What's the Deal With 'All-Inclusive' Fall Travel Deals?
NEW YORK (TheStreet) -- It's that time of the year when hotels and resorts in the Northeast one-up each other with their fall getaway packages. Although some refer to their destination resorts as "all-inclusive," others simply advertise special rates that "include" more amenities than usual. So which of the two is the better deal?
Andrew Young, Travelzoo's (TZOO) editorial director for North America, says it depends on the activities each traveler enjoys. Rates at all-inclusive destination resorts, which are growing in popularity among families and group travelers, would typically include accommodations, meals and most resort activities.

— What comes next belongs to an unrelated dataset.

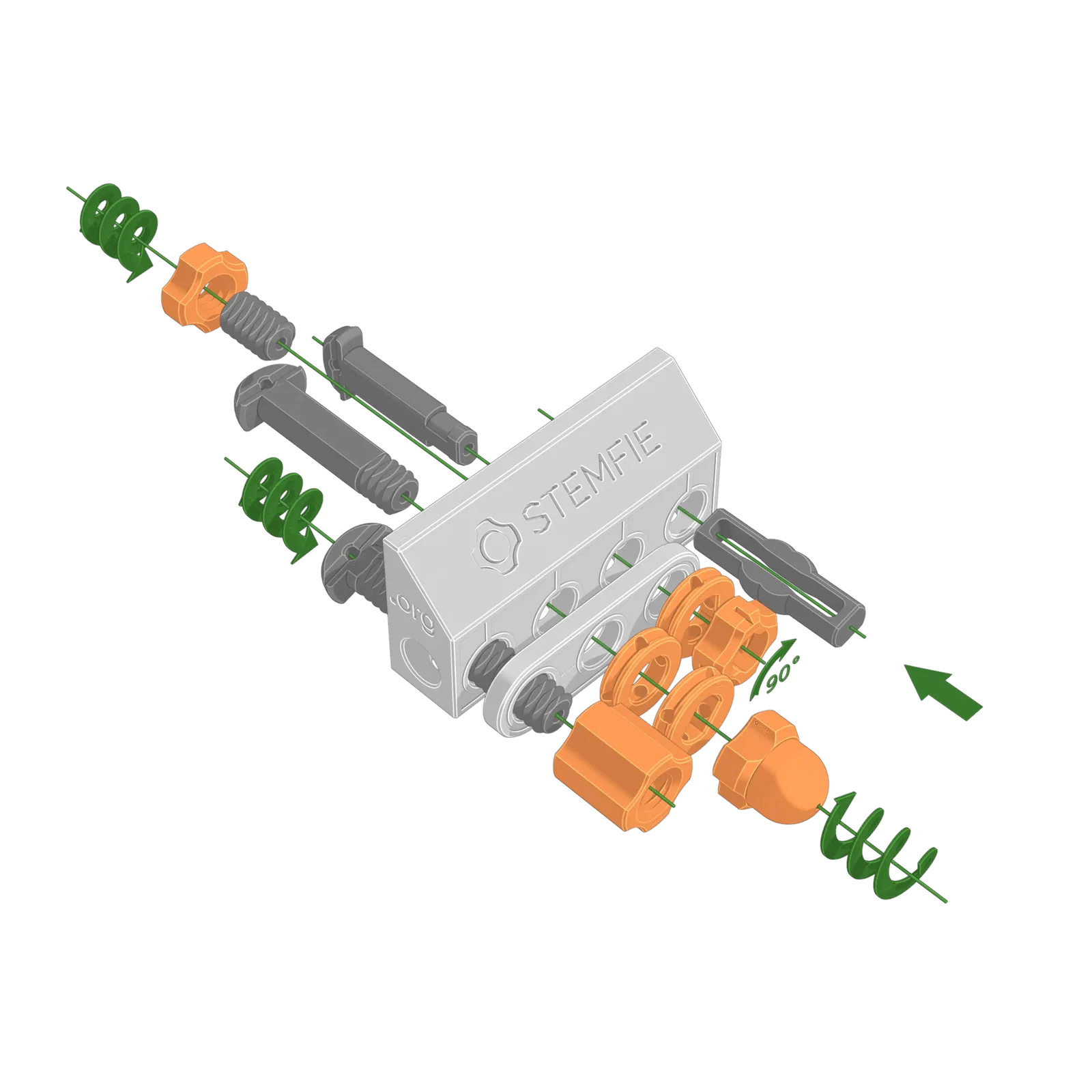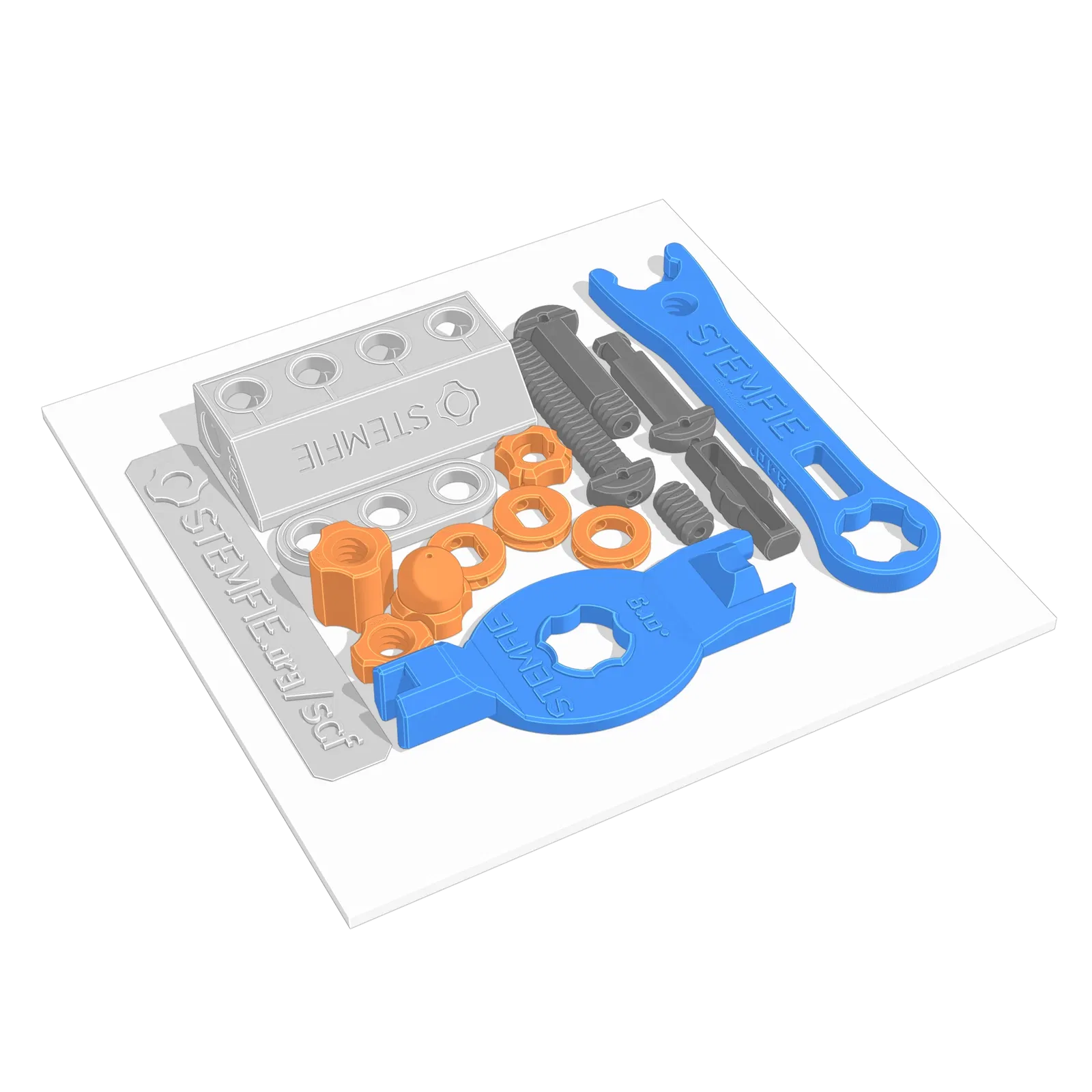 Bộ sưu tập các bộ phận STEMFIE này trình diễn nhiều loại ốc vít và công cụ đi kèm. Tất cả được lồng vào nhau trên một tấm xây dựng 104 x 88 mm, thời gian in khoảng 3 giờ và tiêu thụ 26g sợi nhựa.
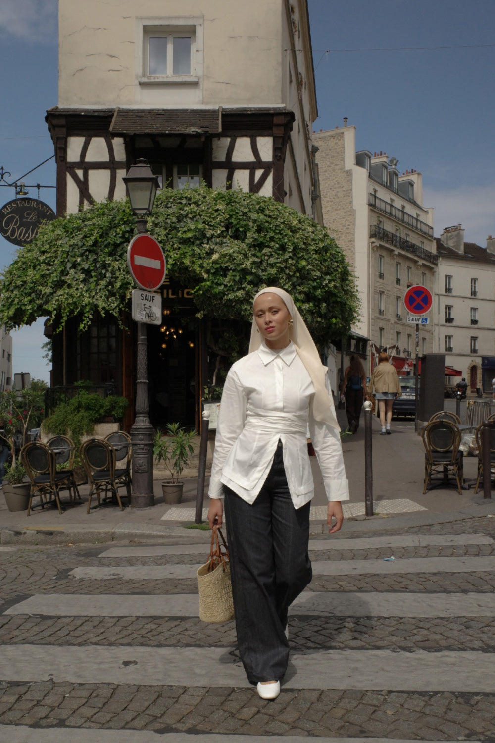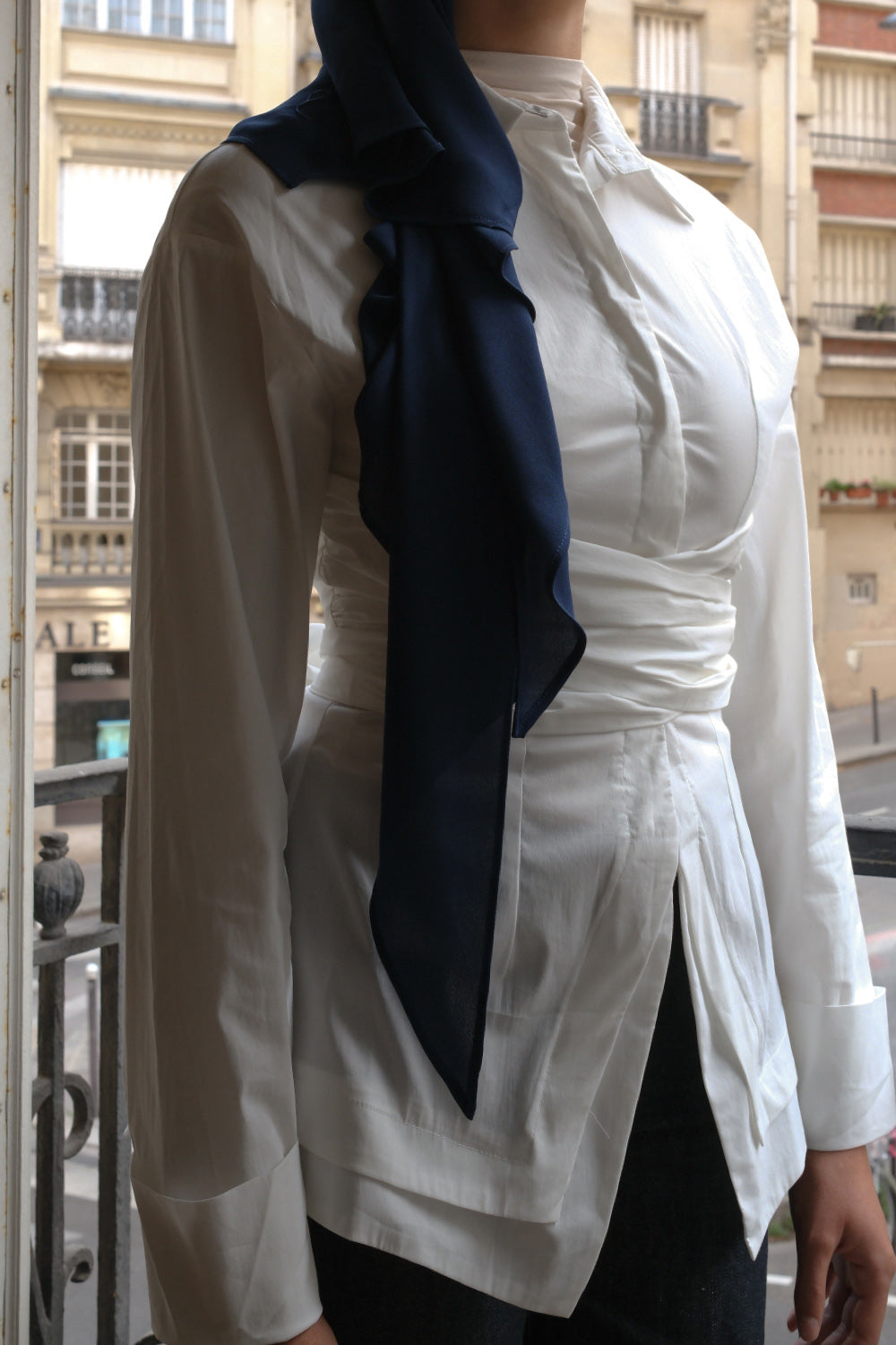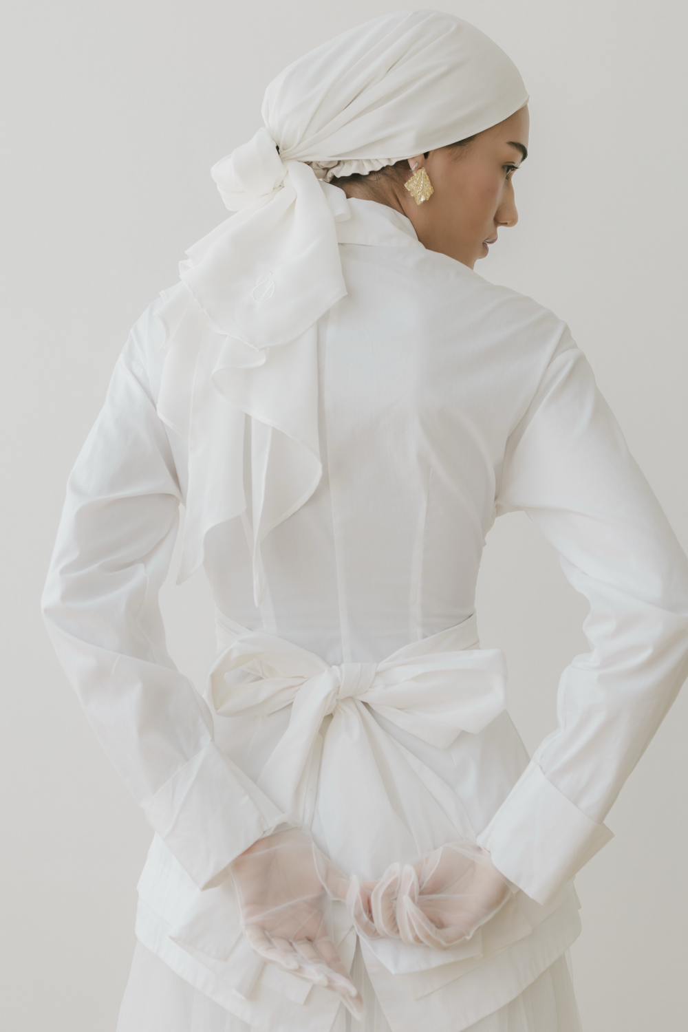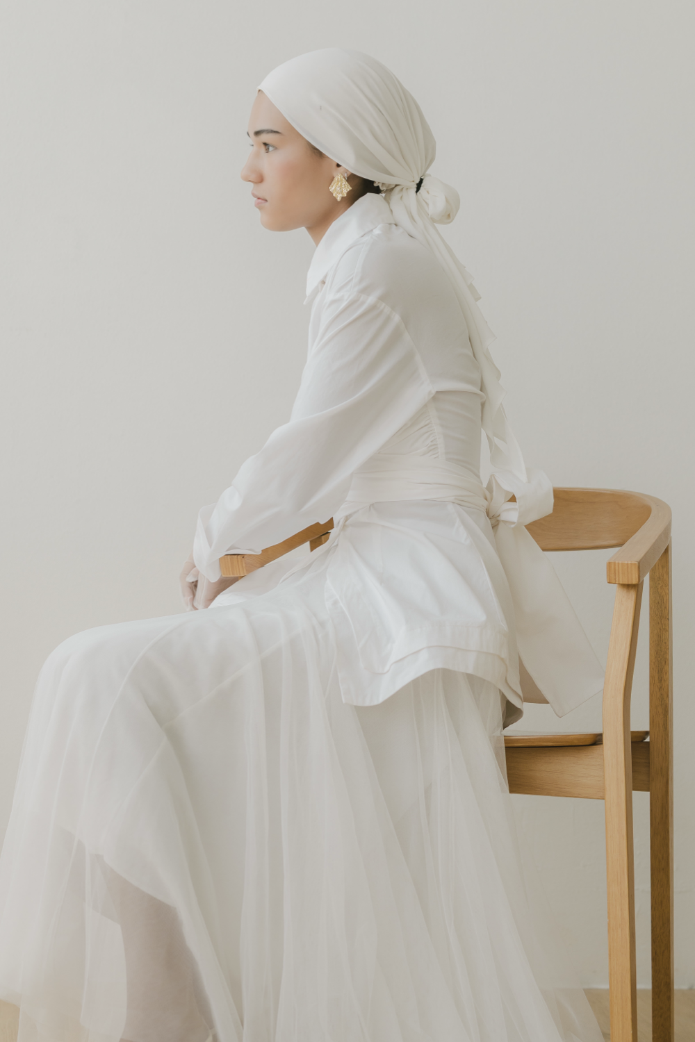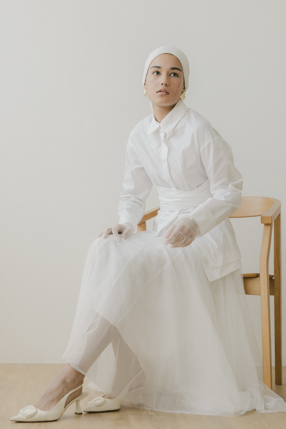 Functional front buttons. Folded cuffed sleeves. Double layer hem detailing.

Woodloch Pines in the Poconos, for example, offers fall weekend getaways starting at $199 per adult, per night. The price includes meals, activities on the property such as boating and wall climbing, and evening entertainment."The all-inclusive concept is the best value for the consumer who comes to the resort and stays on the resort," Young says. A place such as Woodloch, which spans more than 1,200 acres, can offer an entire family plenty of activities within the property. "It's an attractive fall destination, not only for the amenities, but also the opportunities to see fall colors in the Pocono Mountains," Young adds. Another all-inclusive resort in the Poconos is Skytop Lodge. For the fall, rates start at $399 per night for double occupancy. The price includes three meals and access to resort activities such as tennis, mini-golf, archery and waterfall hikes. Travelers who are used to the Caribbean all-inclusive experience, however, should know that not everything is included in the "all-inclusive" resorts in the Northeast. Alcoholic beverages, activities such as golf and spa treatments will usually incur additional charges. Depending on the resort, taxes and gratuity may already be included in the advertised rate. To avoid confusion, some destination resorts do not use the term "all-inclusive," even though overnight rates include meals and resort activities. Mohonk Mountain House near the Catskill Mountains is referred to as a Hudson Valley "inclusive" resort. It offers a "leaf-peeper package" starting at $248 per person, per night, which includes three meals, afternoon tea and cookies and activities such as hiking, boating and lawn games. The resort charges extra for carriage rides, mountain biking and rock climbing. Even in-room televisions will incur a "rental" fee.